# forces question

• Feb 20th 2010, 09:14 AM
william
forces question
A mass of 20kg is suspended from a ceiling by two lengths of rope that make angles of 30^o and 45^o with the ceiling. Determine the tension in each of the ropes.

i drew the triangle and found out the other angles using triangle properties and ended up with

T1/sin45=T2/sin60=196N/sin95

T1=196(sin45)/sin95=139.1 N and T2=196N(sin60)/sin95=170.3N

the book shows the answers to be 143.48N and 175.73N and i can't figure out how i went wrong
• Feb 20th 2010, 09:34 AM
HallsofIvy
Is that "95" a typo for "45"? If not, where did you get it?
• Feb 20th 2010, 09:45 AM
william
Quote:

Originally Posted by HallsofIvy
Is that "95" a typo for "45"? If not, where did you get it?

it should actually be a 75, i made a typo i was working on a couple problems at once. i drew the trangle for the problem with the angles, and added 45 and 30 to get 75^o, its hard to exaplin without my diagram present, obviously, so i am just looking for a verification of the calculations as i cannot see what i did wrong
• Feb 20th 2010, 10:29 AM
e^(i*pi)
Quote:

Originally Posted by william
A mass of 20kg is suspended from a ceiling by two lengths of rope that make angles of 30^o and 45^o with the ceiling. Determine the tension in each of the ropes.

i drew the triangle and found out the other angles using triangle properties and ended up with

T1/sin45=T2/sin60=196N/sin95

T1=196(sin45)/sin95=139.1 N and T2=196N(sin60)/sin95=170.3N

the book shows the answers to be 143.48N and 175.73N and i can't figure out how i went wrong

Edit: turns out I get the book answers when I set g = 9.8. For future reference it would be an immense help if you could tell us what the book uses for g as some use 9.8, some 9.81

First of all we need to know what value of $g$ your book uses.
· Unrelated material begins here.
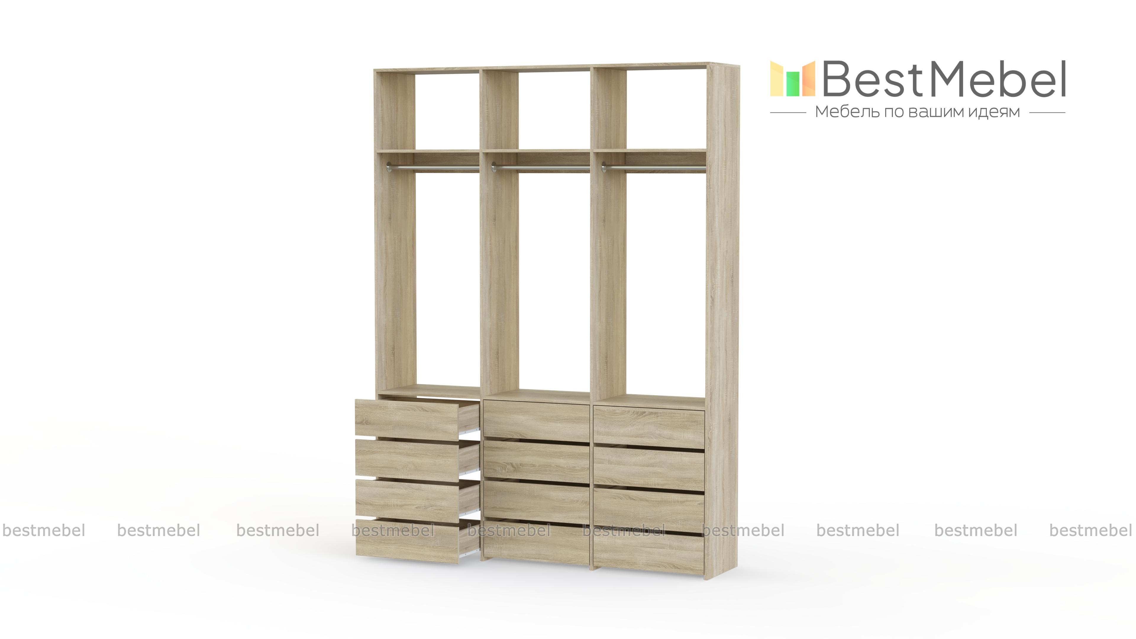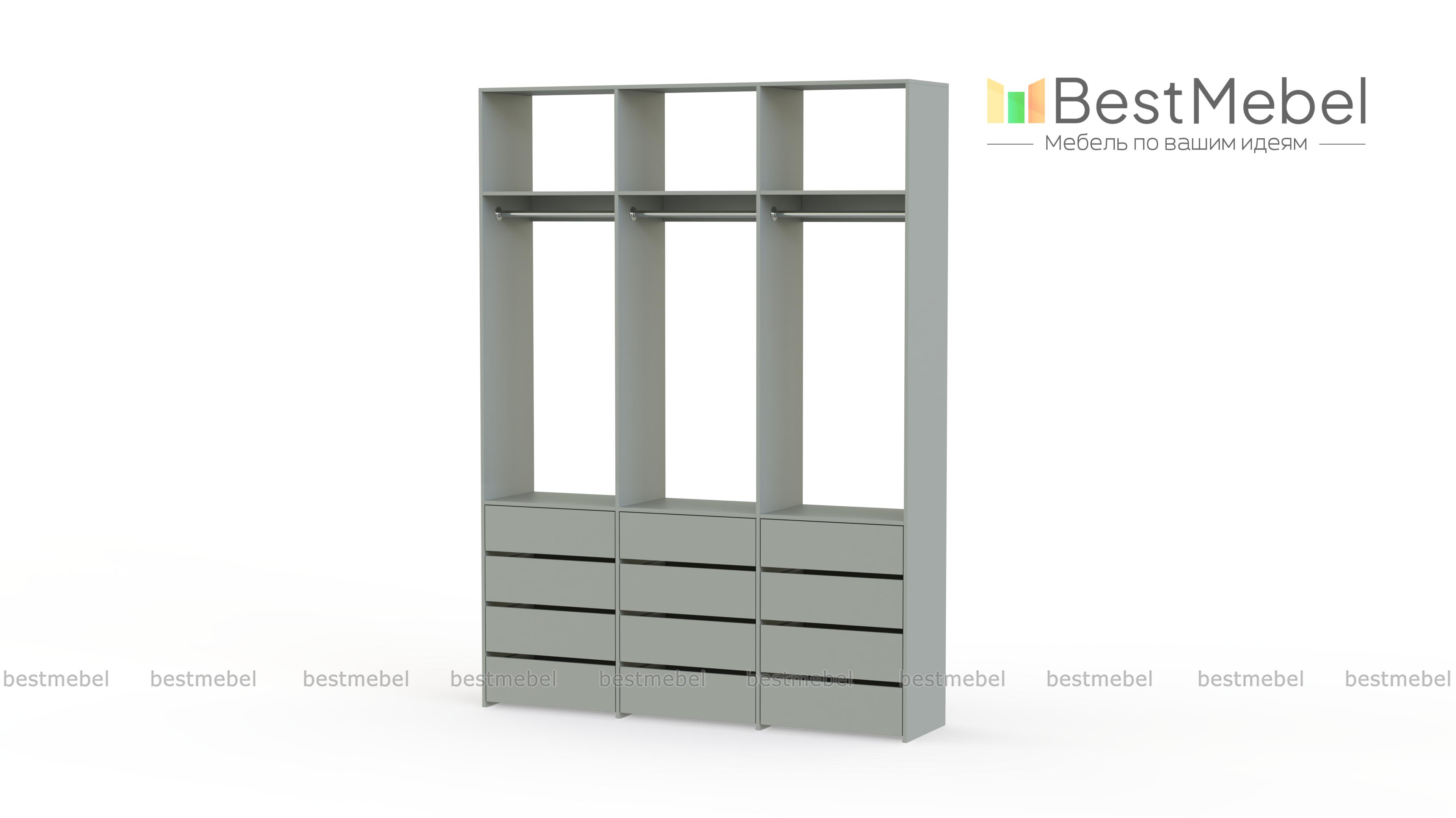 Стеллаж для одежды Мирта 47 BMS выполнен из прочной ламинированной ДСП и включает в себя три секции. В нижней части располагаются выдвижные ящики для текстиля и аксессуаров, средняя занята платяными штангами, а верхняя — полками для несезонных вещей. Минималистичный дизайн позволяет стеллажу легко вписаться в существующий интерьер. Купить стеллаж для одежды Мирта 47 BMS, изготовленный по индивидуальным размерам, вы сможете в нашем интернет-магазине.
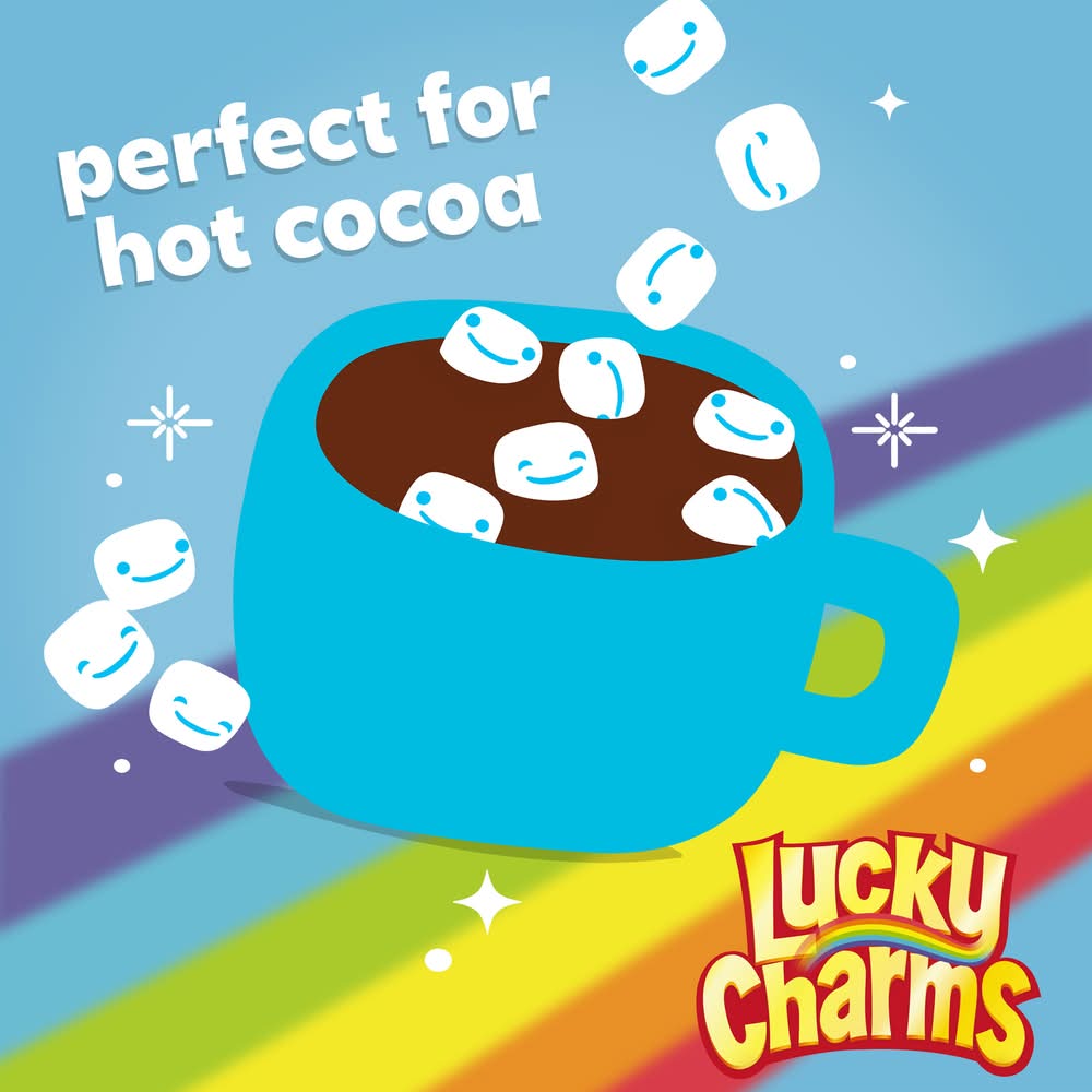 Jet-Puffed Lucky Charms Magically Delicious Marshmallows are a versatile dessert topping or sweet snack. Our Lucky Charms Marshmallows deliver the same sweet taste and fluffy texture as regular Jet Puffed Marshmallows. Enjoy our marshmallows as a magical snack for kids or as a mouthwatering addition to your favorite dessert recipes. Use our fluffy marshmallows to make colored rice cereal treats. Try putting Jet Puffed Marshmallows and chocolate on graham crackers to make s'mores. You could also try using our colored marshmallows for hot chocolate. Each package of marshmallows comes sealed in a 7-ounce bag.

I am using $g = 9.81 \text {N kg}^{-1}$

This is a problem with resolving the forces horizontally and vertically.

Also these are common angles and the values should be known

$\sin (30) = \frac{1}{2}$, $\cos (30) = \frac{\sqrt3}{2}$

$\sin (45) = \cos (45) = \frac{\sqrt2}{2}$

Vertically

Down: $mg = 20g$

Up: $T_1 \sin (30) + T_2 \sin (45)$

If the object is in equilibrium the resultant force is 0 and so these two are equal

$20g = \frac{T_1}{2} + \frac{T_2 \sqrt{2}}{2} = \frac{T_1 + T_2 \sqrt2}{2}$

$T_1 + T_2\sqrt2 = 40g$ (eq1)

Horizontally

Left: $T_1 \cos (30)$
Right: $T_2 \cos (45)$

Since there is no horizontal movement these forces are equal

$T_1 \cos (30) = T_2 \cos (45)$

This is equal to $T_1\sqrt3 = T_2 \sqrt2$ (eq2)

--------------------------------------------

We now have two equations and two variables

$T_1 + T_2\sqrt2 = 40g$ (eq1)

$T_1\sqrt3 = T_2 \sqrt2$ (eq2)

Spoiler:
$T_2 = T_1\, \sqrt{\frac{3}{2}}$

$T_1 + \sqrt{2} T_1\, \sqrt{\frac{3}{2}} = T_1 + T_1 \sqrt3 = 40g$

$T_1 = \frac{40g}{1+\sqrt3} = 148.63 \text{ N}$

$T_2 = \frac{40g}{1+\sqrt3} \cdot \sqrt{\frac{3}{2}} = 175.90 \text { N}$

My answers are relatively close to the book's.